Reinhardt Adolfo Fuck (/ˈfʊk/, rhyming with "hook"; born 3 April 1940) is a Brazilian geologist and professor emeritus at the University of Brasília. Fuck specializes on geochronology and petrology, having written extensively on Precambrian geology.

== Biography ==
Born in April 1940 in Linha Serraria, Piratuba, Santa Catarina, he pursued his early education in remote villages in Santa Catarina and Rio Grande do Sul, following his father, a schoolteacher and occasional accountant. After completing secondary studies in Panambi and Ijuí, he attended the School of Geology at the University of Rio Grande do Sul, where he began his research. Graduating as a geologist in 1963, he was employed by the Government of Ceará for geological surveys and groundwater well exploration. This later led to him meeting his future wife, Isaurinha.

In August 1964, he joined the Paraná Geological Chart Commission, a collaboration between the State Government and the Federal University of Paraná. Working alongside many other geologists he participated in the systematic survey of eastern Paraná.
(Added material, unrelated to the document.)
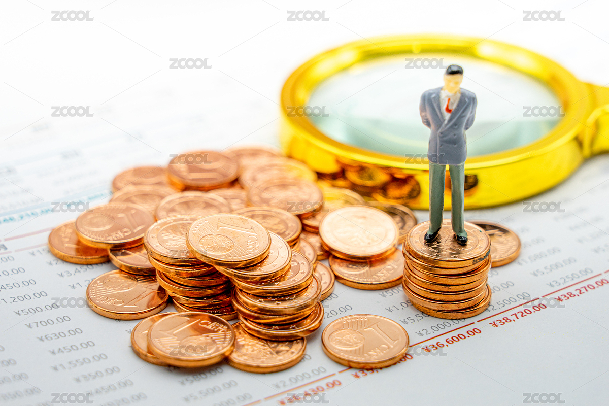 金融文件上的美元硬币和放大镜及一个微缩的小人

The data collected contributed to numerous publications that advanced the understanding of Paraná's Precambrian and Palaeozoic geology.

In 1969 he graduated from the Escola de Geologia de Porto Alegre (UFRGS) in Brazil. In 1973 he got his doctorate in the University of São Paulo in Brazil. In 1975 he carried out postdoctoral research in geology and petrology in the Department of Geological Sciences at the University of Durham in England. His research lines are geochronology, petrology and lithogeochemistry, high-grade metamorphism, greenstone belts, Proterozoic double belts. He is an author of a large number of Precambrian-geology-related scientific papers.

In 2010, he was awarded the Brazilian honour called the National Order of Scientific Merit.